We may also be interested in comparing misdiagnosis-related harms across institutions, in which case we would test whether crude rate differences or ratios from two institutions are equal. Specifically, suppose that the crude rate differences are ${\hat{R D}}_{1}$ and ${\hat{R D}}_{2}$ whose corresponding convergents are RD₁ and RD₂. Also denote by ${\hat{σ}}_{R D, 1}^{2} / n_{1}$ and ${\hat{σ}}_{R D, 2}^{2} / n_{2}$ the variance estimates for ${\hat{R D}}_{1}$ and ${\hat{R D}}_{2}$ respectively, where n₁ and n₂ are number of patients in the two institutions.

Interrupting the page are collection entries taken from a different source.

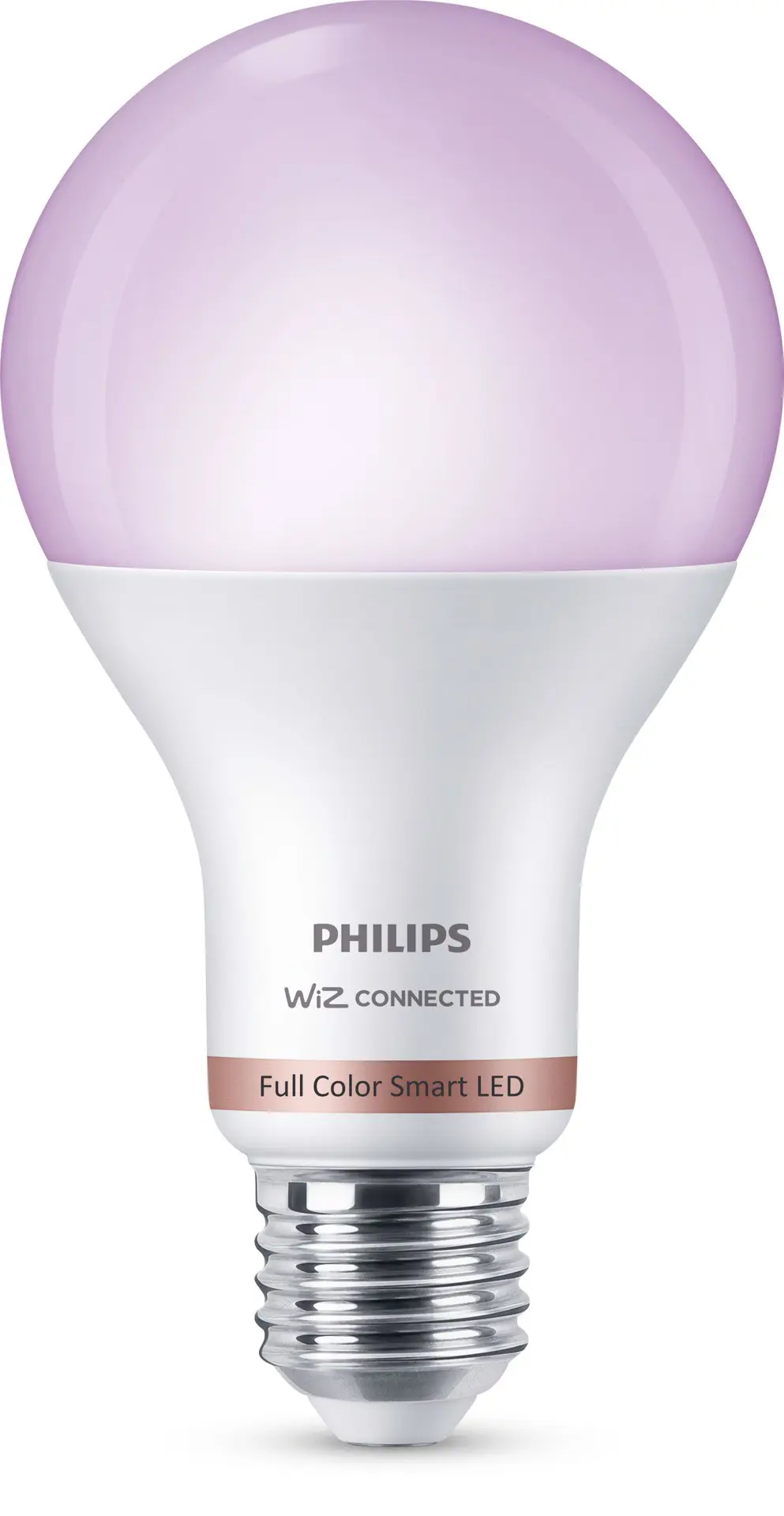 Philips Lampadina 13 W (Eq.100 W) A67 E27. Tipo: Lampadina intelligente, Colore del prodotto: Bianco, Attacco lampada: E27. Classe efficienza energetica: E, Consumo di energia per 1.000 ore: 13 kWh, Tensione di ingresso AC: 220-240 V. Larghezza: 77 mm, Profondità: 142 mm, Altezza: 142 mm. Larghezza imballo: 85 mm, Profondità imballo: 85 mm, Altezza imballo: 185 mm. Quantità per pacco: 1 pz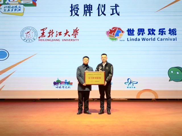活动现场还举行了实践基地授牌仪式和战略合作协议签约仪式,黑龙江大学新闻传播学院为世界欢乐城授实习实训基地牌,世界欢乐城与哈尔滨鑫成文化传播有限公司签订战略合作协议,为未来校企协同、文旅传播搭建了更坚实的平台。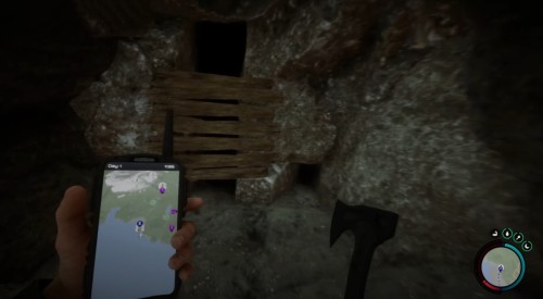 Войдите внутрь и сделайте еще несколько шагов вперед. Вы обнаружите вход в пещеру, который закрыт деревянными дощечками. Кстати, подобные доски в игре являются своеобразным признаком того, что в пещере находится ценный предмет. Итак, разломайте доски и пролезьте в щель.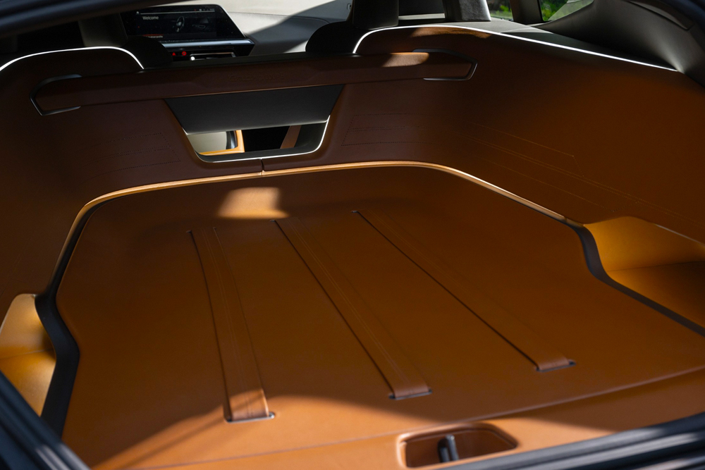 La pintura exterior combina tonalidades gris-marrón con incrustaciones de vidrio azul, logrando una impresionante profundidad visual. Detalles en plata-bronce y una parrilla doble en forma de riñón, diseñada exclusivamente con barras longitudinales, completan el aspecto distintivo.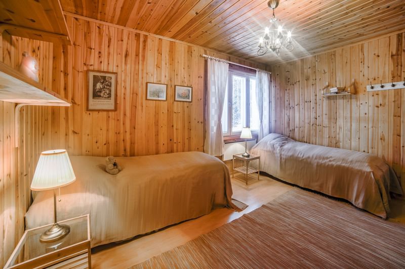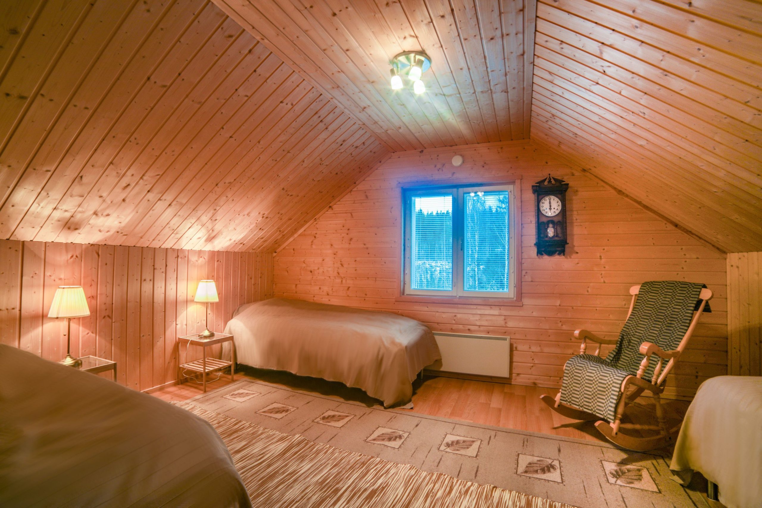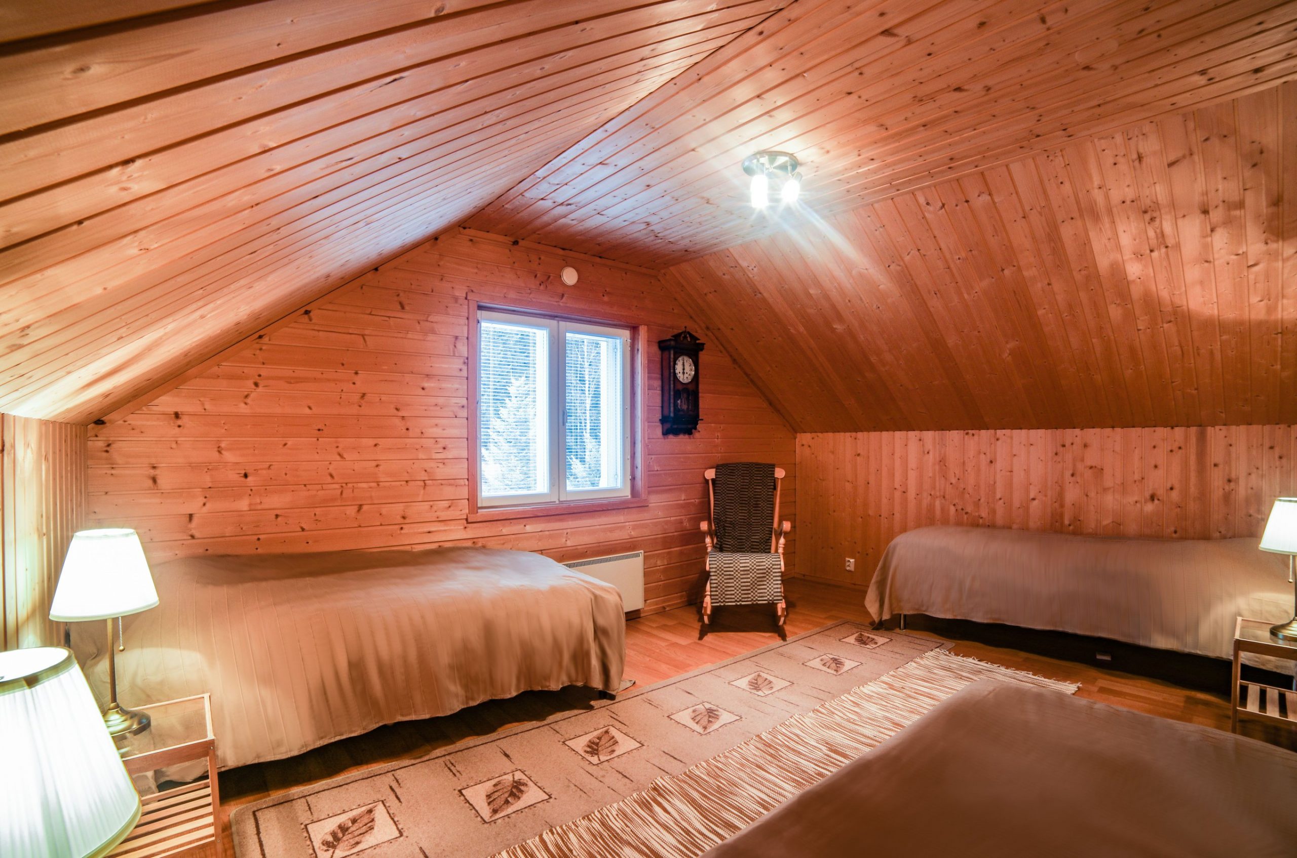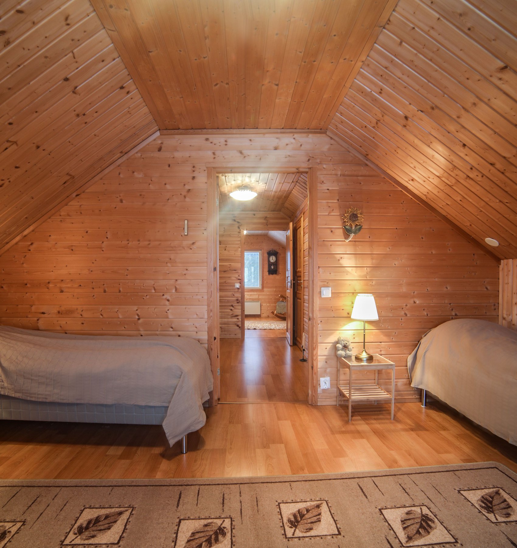 Paukkila on kaksikerroksinen mökki, jossa majoittuu mukavasti suurempikin perhe tai seurue.

We then test the null hypothesis RD₁ =RD₂ against the alternative RD₁ ≠RD₂ using test statistic ${\hat{T}}_{R D, 1, 2} = {({\hat{R D}}_{1} - {\hat{R D}}_{2}) / ({\hat{σ}}_{R D, 1}^{2} / n_{1} + {\hat{σ}}_{R D, 2}^{2} / n_{2})}^{1 / 2}$ . Similarly, we can use crude rate ratios to compare institutions. Consider log crude rate ratios log ${\hat{R R}}_{1}$ and log ${\hat{R R}}_{2}$ from two institutions. Denote by logRR₁ and logRR₂ their convergents and by ${\hat{σ}}_{R R, 1} / n_{1}$ and ${\hat{σ}}_{R R, 2} / n_{2}$ their variance estimates. We then test the null hypothesis RR₁ =RR₂ against the alternative RR₁ ≠RR₂ using test statistic ${\hat{T}}_{R R, 1, 2} = {(log {\hat{R R}}_{1} - log {\hat{R R}}_{2}) / ({\hat{σ}}_{R R, 1} / n_{1} + {\hat{σ}}_{R R, 2} / n_{2})}^{1 / 2}$ . Test statistics follow standard normal distributions, and calculations of P-value, power, and sample size then follow routine procedures.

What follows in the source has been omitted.